Os efeitos da epidemia poderão ser substanciais na economia chinesa. Mas mesmo antes da atual crise de saúde pública, existiam muitos sinais do que o “patim” da política não estava sincronizado com o “patim” da economia. Muito dos desafios hoje da economia chinesa resultam na dificuldade de alocar capital de acordo com sinais de mercado. Apesar do setor privado ser o grande motor da economia, ele sente dificuldades, por exemplo, na obtenção de crédito que privilegia quer o setor estatal quer projetos de infraestrutura. E isto apesar dos apelos de muitos dirigentes ao aumento do crédito para o setor privado. Aqui uma vez mais, a centralização política favorece naturalmente as estruturas do próprio Estado em detrimento do mercado.
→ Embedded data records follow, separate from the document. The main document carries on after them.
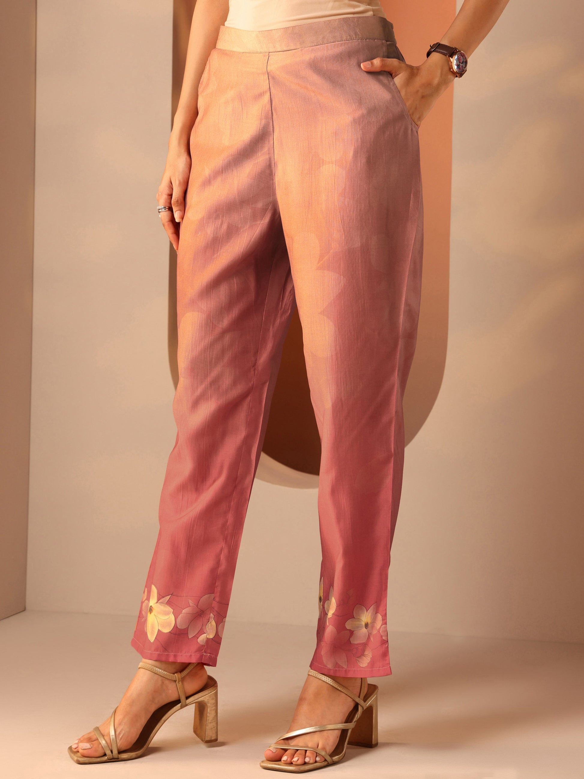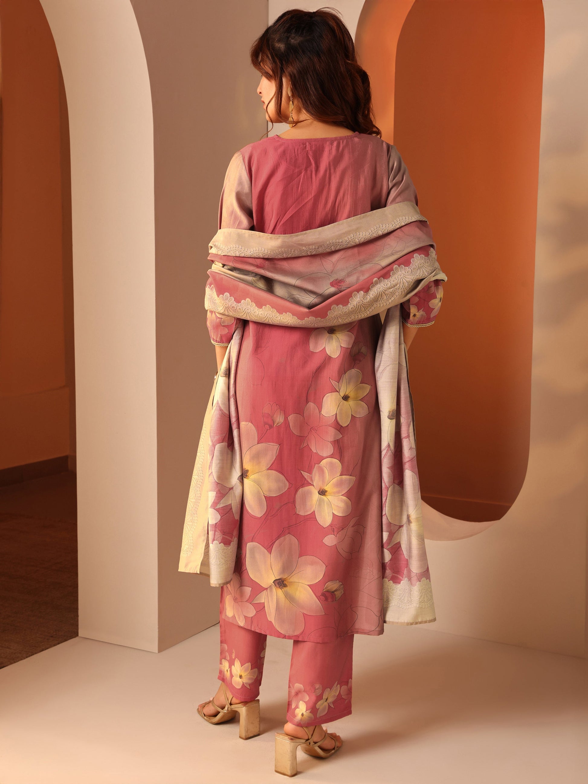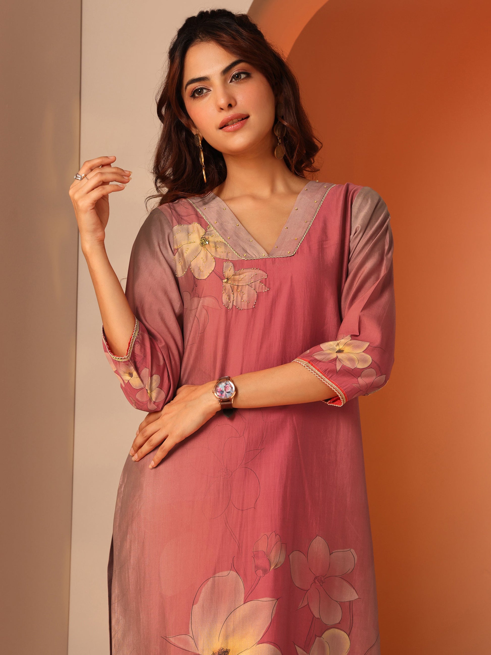 Our 3-piece pink and beige silk blend kurta set features a straight-fit silhouette with a V-neckline, regular sleeves, and a statement yoke. Complemented with straight pants with a partially elasticated waistband and 2 pockets, and a printed dupatta. Adorned with floral printed accents, this style is perfect for casual wear.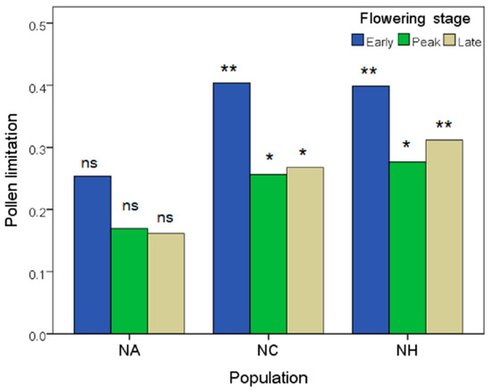 Comparison of pollen limitation (PL index) for plants from different flowering stages across the three populations. Bars with stars refer to the differences between the pollination treatments for each population at a certain flowering stage. Significant level is at p = 0.05: no significance (ns), p ≥ 0.05; * p < 0.05; ** p < 0.01.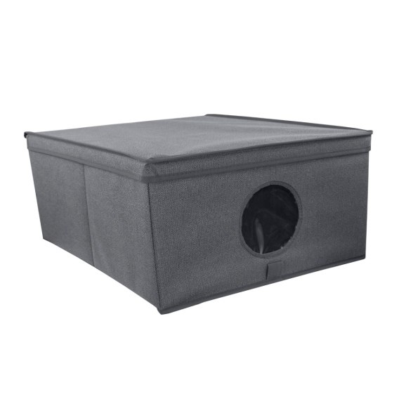 Pudełko jest wykonane ze sztywnej tkaniny w kolorze szarym, neutralnym i eleganckim odcieniu, który pasuje do każdego stylu wnętrza. Pudełko ma prostokątny kształt o wymiarach 48x36x19 cm i przezroczyste okienko z przodu, które pozwala zobaczyć zawartość bez konieczności otwierania. Pudełko nie ma uchwytów, aby zachować czystą i minimalistyczną linię.
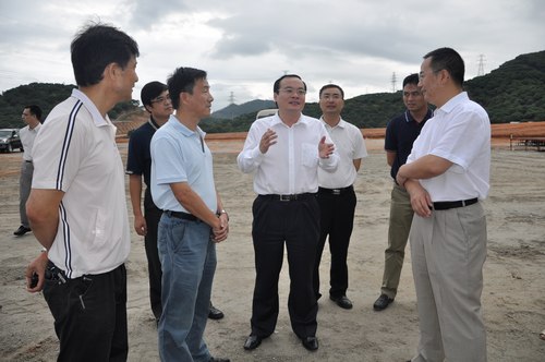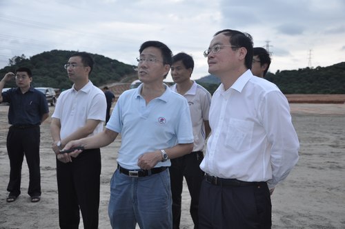10月13日下午,东莞市委副书记、代理市长袁宝成一行冒雨来到散裂中子源建设现场,对散裂中子源项目建设基地进行调研,这是袁宝成市长履新后的首次调研活动。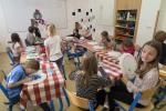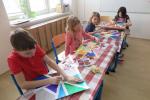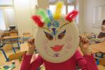 Karneval - vyrábění karnevalových masek (papírový talíř, temperové barvy, tužka, lepidlo, bambule, třpytky, peříčka) 20.2., Abstraktní umění (papírová páska, voskový a olejový pastel) 27.2.
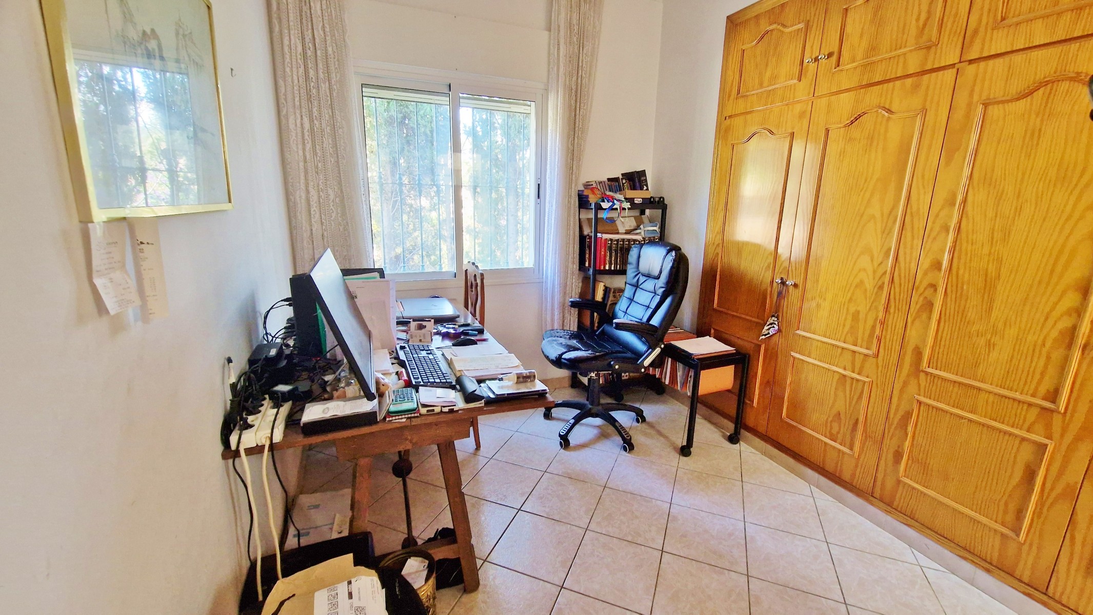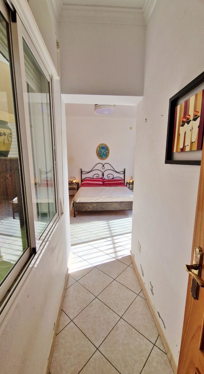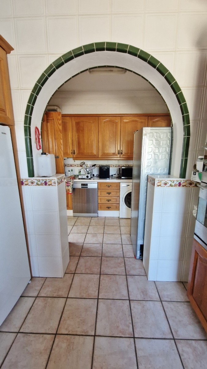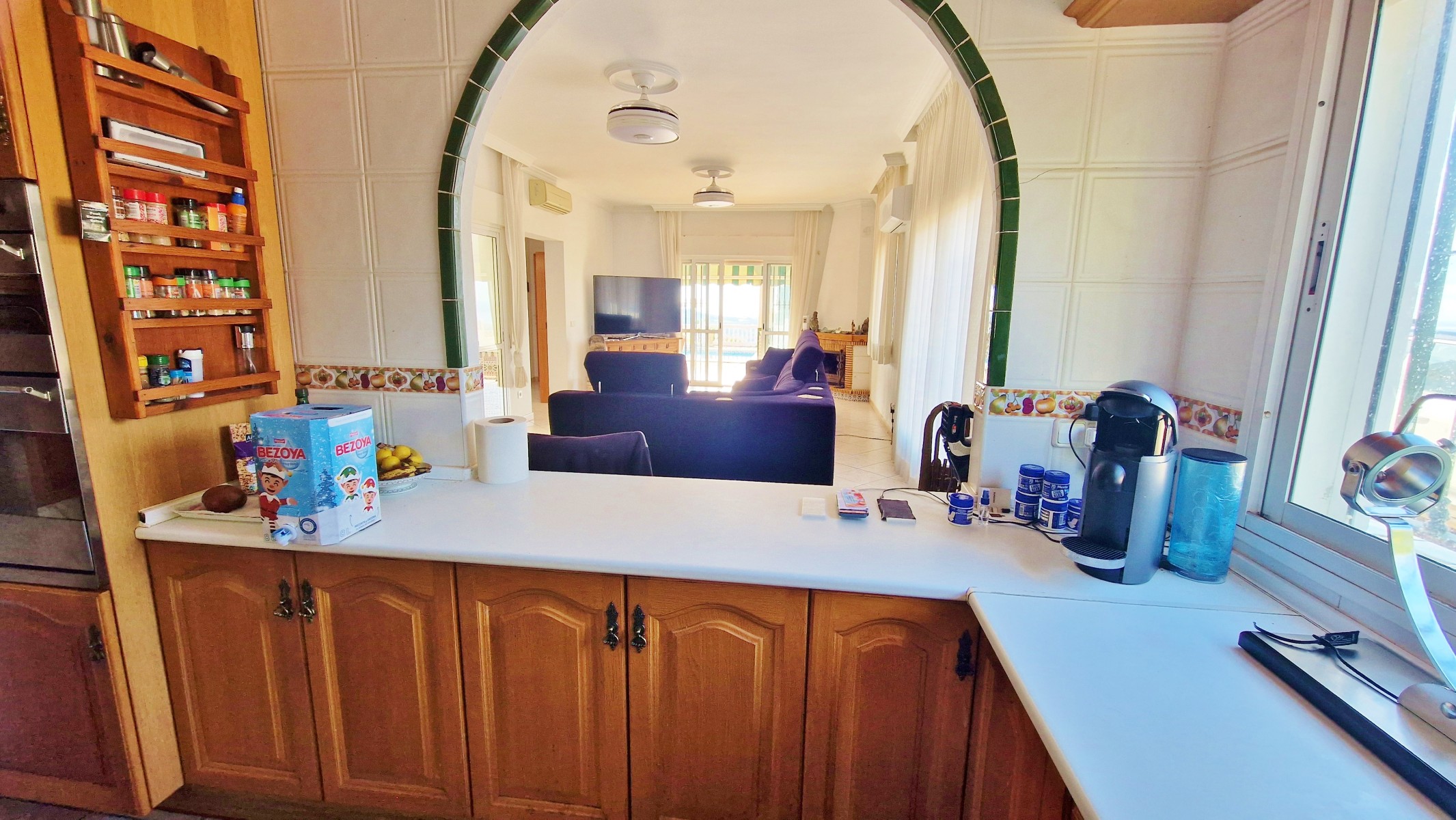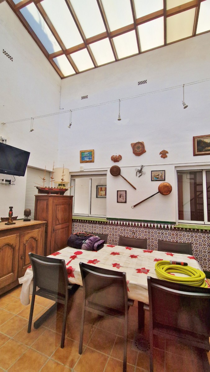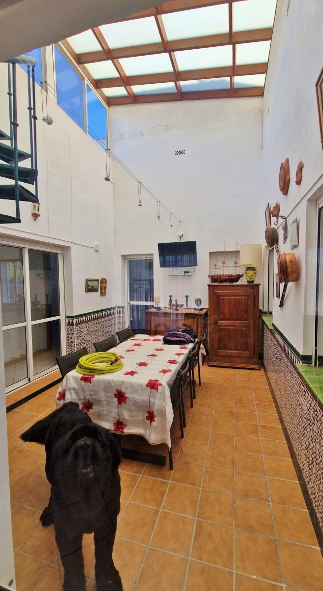 A gated entrance leads up a private driveway to a parking area to the West side of the house, and behind, on the north side too, with parking for at least 4 or 5 vehicles. The main house and pool are located on this level, elevated above the flat garden area, separating it perfectly from the lower grounds. To the front of the house, facing the pool is a covered terrace (around 2 x 10m) with arches, tile and pull-down awnings. The centre of this unusual house is taken up by an internal patio courtyard of around 5 x 4m, with windows all around, bringing in plenty of light from the centre of the house, as well as from the exterior windows of the house. Two doors, from the two opposite ends of the internal patio give access to its excellent space, used currently as a dining area. It could also be turned into an internal courtyard garden, with potted flowering plants, perhaps even a palm tree in the centre.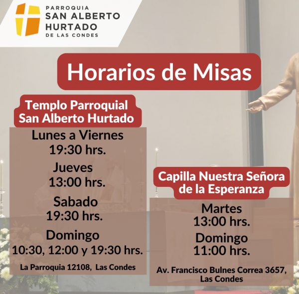 Domingo de Ramos. 29 de marzo de 2026. 10:30 hrs. Santa Misa en Templo Parroquial. La Capilla 12.108 11:00 hrs. Santa Misa en Capilla Nuestra Señora de la Esperanza. Av Francisco Bulnes Correa 3657. Las Condes 12:00 hrs. Santa Misa en Templo Parroquial. La Parroquia 12.108. Las Condes. 19:30 hrs. Santa Misa en Templo Parroquial. La Parroquia 12.108. Las Condes.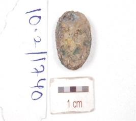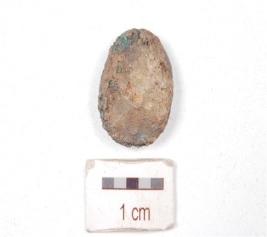 | Description / विवरण | A copper coin, irregular oval in shape, surface is corroded and weathered. |
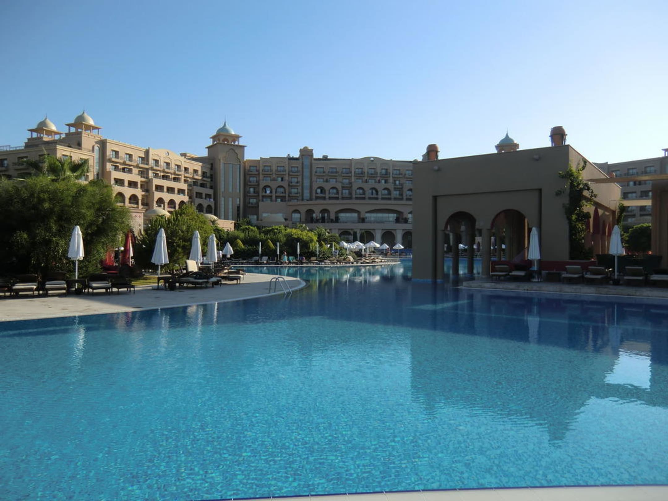 Hauptpool mit Rückansicht des Hotels Spice Hotel & Spa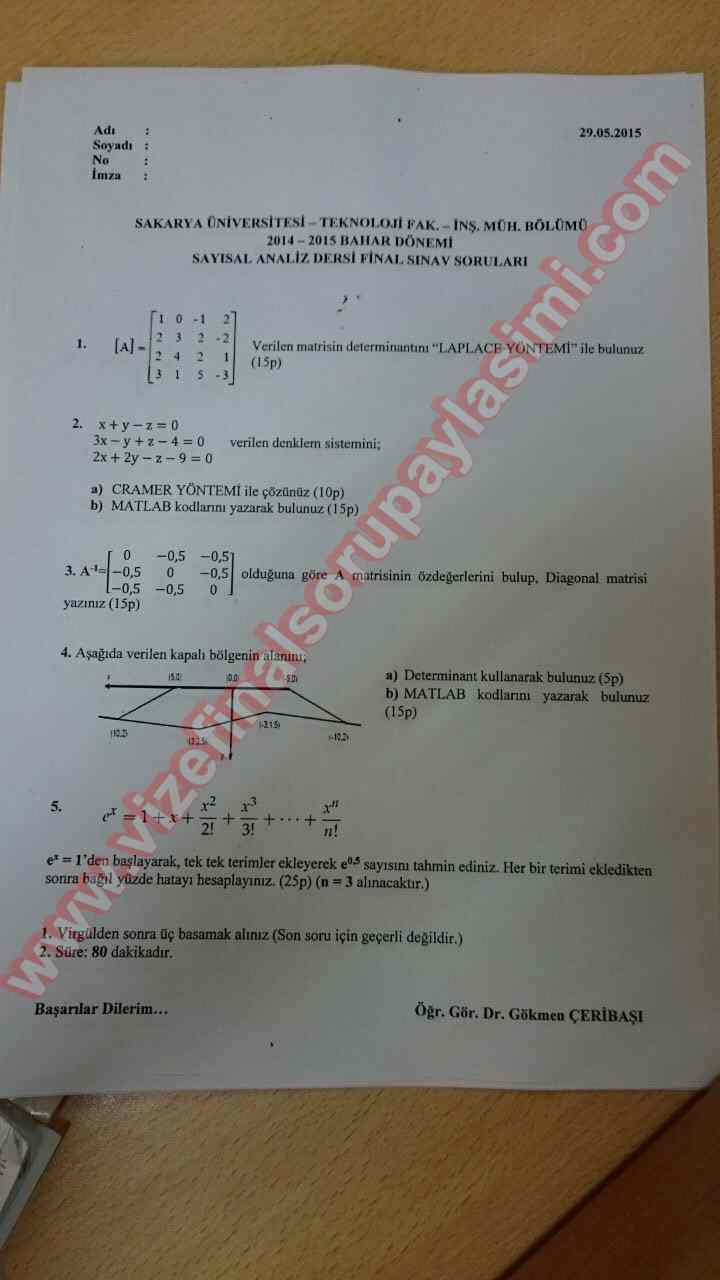 Vize ve Final Soruları / Sakarya Üniversitesi / Sayısal Analiz Dersi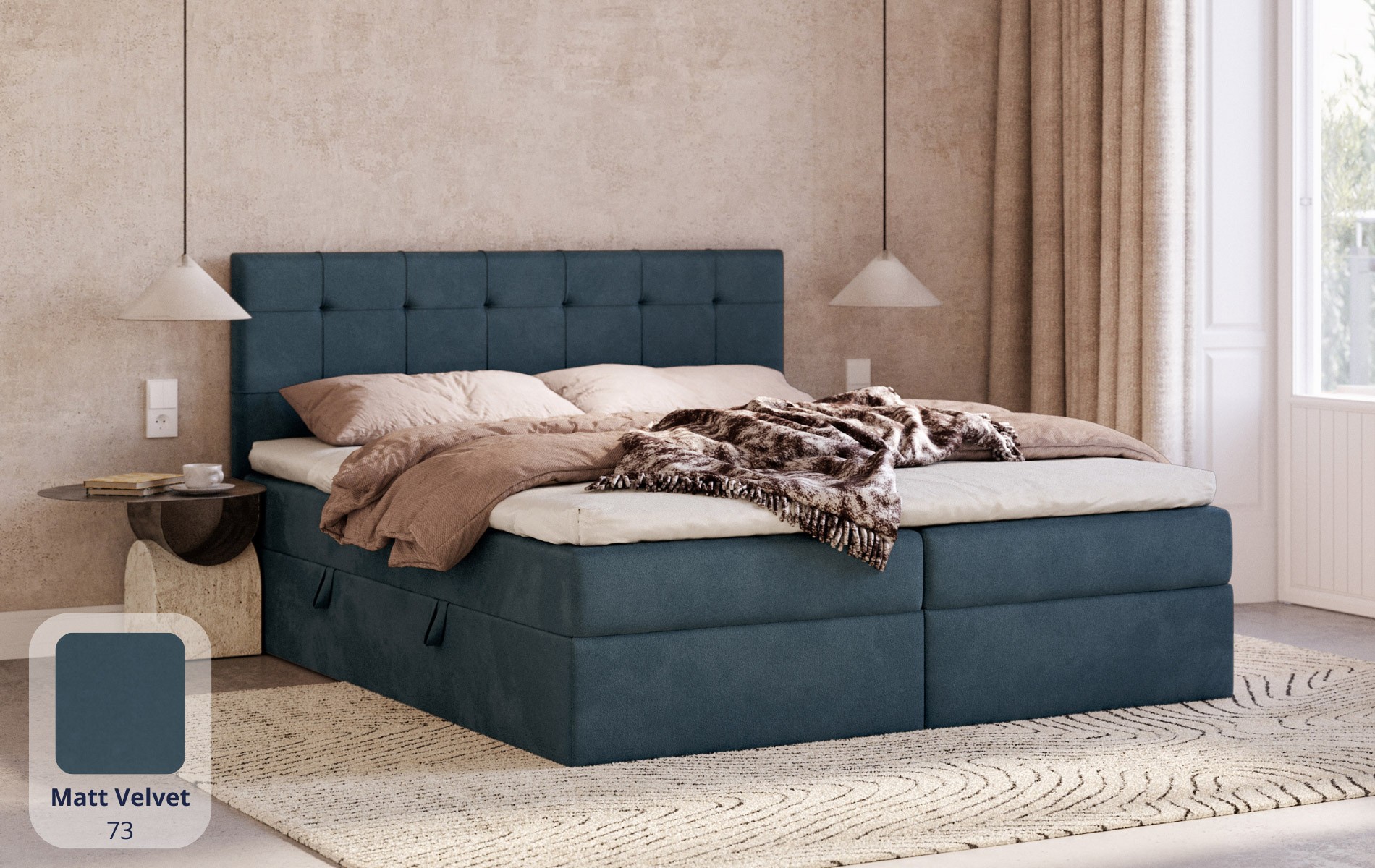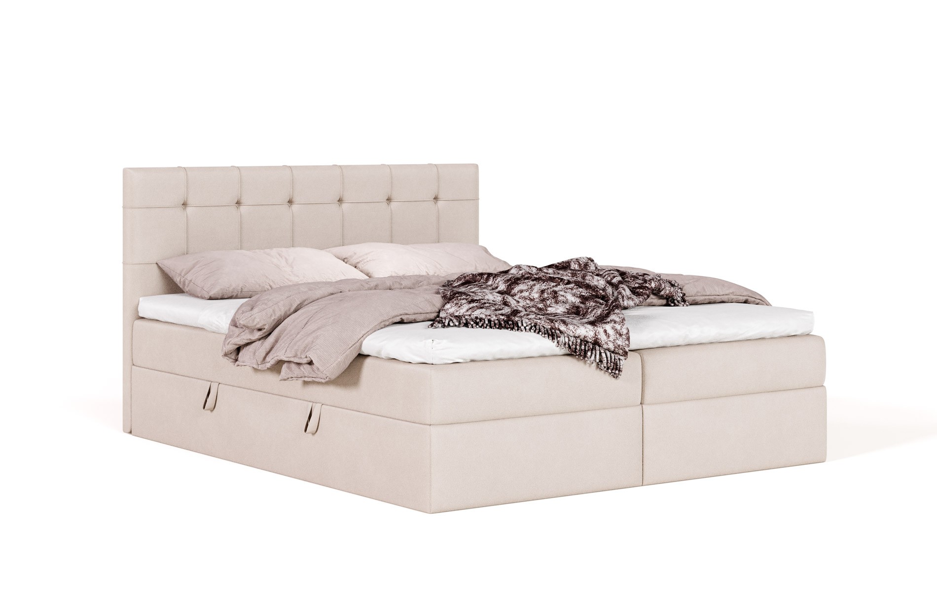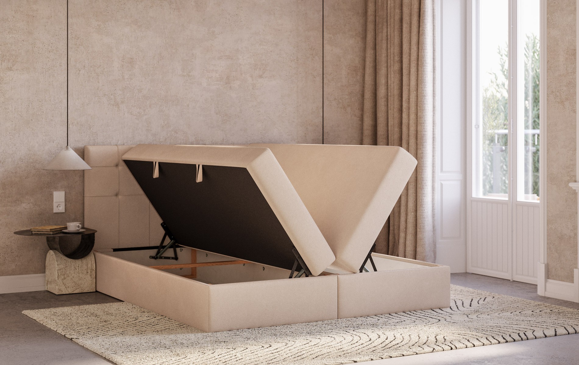 Komfort bez kompromisów. CALLISTO łączy to, co najważniejsze w łóżku kontynentalnym (wbudowany materac sprężynowy + topper) z dodatkową przestrzenią do przechowywania. To dobre rozwiązanie, gdy chcesz mieć wygodę spania i porządek w sypialni jednocześnie.

Aqui o conflito é em tudo semelhante ao Japão do final dos anos 80 com a diferença que neste último país os problemas de alocação de crédito eram entre os grandes conglomerados financeiros e industriais, os Keiretsu, que dominavam a política e a economia japonesa desde o final da II Guerra Mundial e o restante do setor privado do país. E o Japão até hoje vive na “ressaca” desse conflito.

  • A nova Geopolítica

Falar que quando o XiJinPing assumiu o poder em 2012, o mundo era outro é um total eufemismo. Mas talvez a maior diferença era que eram os Estados Unidos na altura os defensores do status quo do regime de relações internacionais e a China a potência rebelde. No encontro de Davos de 2017, estranhamente os papéis se tinham paradoxalmente invertido. Em alguma medida, o sucesso econômico da China foi o maior “cartão-postal “ da ordem internacional do pós Guerra. A China tornou-se a âncora das cadeias mundiais de fornecimento e o dinamismo econômico resultante trouxe de volta ao país muitos dos engenheiros Chineses que tinham contribuído para o enorme desenvolvimento do Vale do Silício. Livre circulação de ideias e de comércio criaram pois as bases não só da prosperidade econômica como do desenvolvimento tecnológico do país. Com o tempo tornou a liderança chinesa mais confiante em ser mais assertiva em termos militares, contrariando o mandamento de Deng que advogava que a China devia esconder a sua força e esperar o seu tempo. A eleição de Trump transformou os Estados Unidos não no defensor do status quo mas num ator procurando a mudança do mesmo. Igualmente a percepção sobre a China mudou na política americana sendo difícil encontrar hoje algum candidato à presidência nos dois partidos que defenda uma aproximação entre os dois países. A atual situação cria, pois, vários dilemas geopolíticos ao país. Ajudar a preservar ou não o sistema internacional do pós Guerra. Como continuar a globalização das suas empresas num contexto político mais hostil. Abraçar ou não a “Guerra Fria” tecnológica são apenas alguns deles.